Sarahs Vater kann in Deutschland nicht Fuß fassen. Mit seinem Hintergrund und seiner Hautfarbe ist es für ihn nicht einfach in der deutschen Kleinstadt. Die Ehe zerbricht. Als Sarah drei Jahre alt ist, zieht ihre Mutter mit ihr und dem älteren Bruder ins Haus der Großeltern.
Die Mutter arbeitet viel; der Vater ist wenig präsent. Die Großmutter kümmert sich um die Kinder.

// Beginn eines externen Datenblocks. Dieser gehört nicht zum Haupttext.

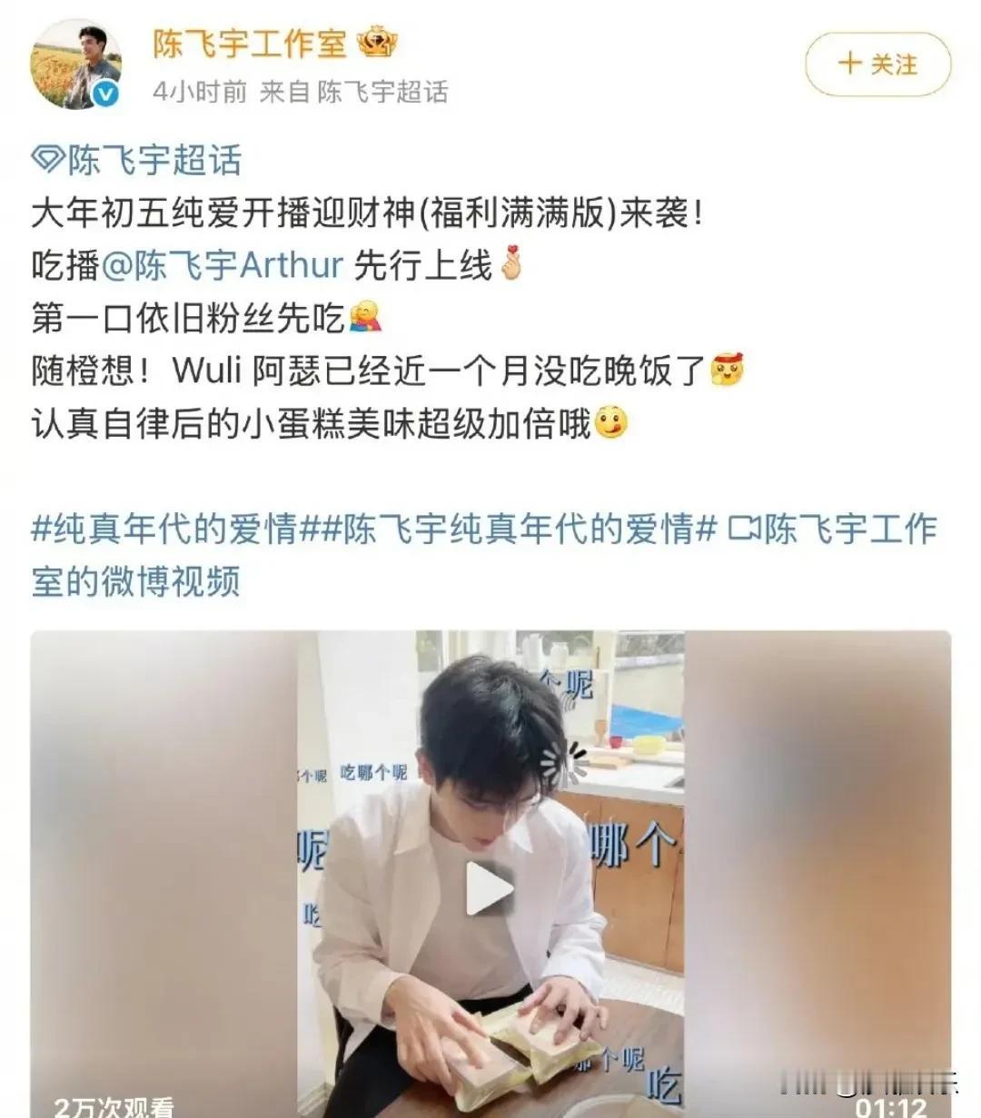 陈凯歌儿子,太狠了! 陈飞宇一个月只吃15顿饭!上热搜的身材管理,藏着演员的“狠”劲 2月21号陈飞宇凭“自律”冲上热搜,但这次不是因为他爸陈凯歌,也不是因为新剧绯闻,而是因为他对自己太“狠”了 。 刚看到一个数据惊到我了:为了新剧《纯真年代的爱情》,这小伙子居然整整一个月没吃晚饭。算下来,整个月的正餐加起来才吃了15顿 。 这是什么概念?咱们平常一天三顿都不一定能管住嘴,人家直接把晚餐戒了。难怪最近镜头里的他,下颌线利落得像开了特效,整个人清瘦得只剩少年感 。 视频里有个细节特别戳人——在片场看到蛋糕时,他小心翼翼尝了一小口,那瞬间的笑容比AK还难压 。还念叨着“要把这个带回去给哥哥”,这孩子是真把食物当奢侈品了 。 其实了解他的老粉都知道,这不是第一次“自虐式”减肥。15岁时他也曾是个220斤的“肥滑腻”小胖墩,后来硬是靠跑步半年甩掉90斤,才有了现在的撕漫男神轮廓 。 说实话,明星为了角色饿肚子是敬业,但咱们普通人真别学。工作室也说了,健康永远是第一位 。 2月21号晚他的新剧正好开播,看到白衬衫、清瘦脸、眼神干净的方穆扬,大概就能明白——那些咽下去的口水,最后都变成了角色身上的光 。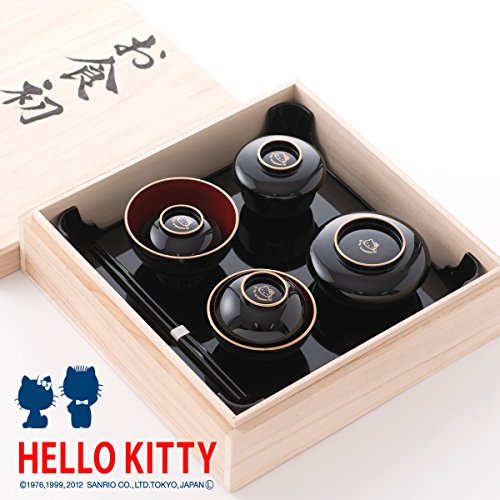 お食い初め食器セット ハローキティ 女の子 黒色 収納 桐箱

Dennoch fühlt Sarah sich bei ihr stets als Gast und nie voll akzeptiert: „Ich habe schnell gemerkt, dass ich ihrem Prädikat ‚wertvoll‘ nicht wirklich genügen konnte. Das hat was mit mir gemacht.“
„Meine Oma konnte mir kein Herz geben“
Die Zeiten mit dem Vater genießt Sarah sehr. Er ist zwar immer wieder lange abwesend, aber sie identifiziert sich stark mit ihm und fühlt sich bei ihm zu Hause. Wenn er da ist, kocht er stundenlang für die Kinder. Seine Gerichte, eine Verbindung aus südafrikanischer und indischer Küche, hat Sarah nie wieder irgendwo anders gegessen.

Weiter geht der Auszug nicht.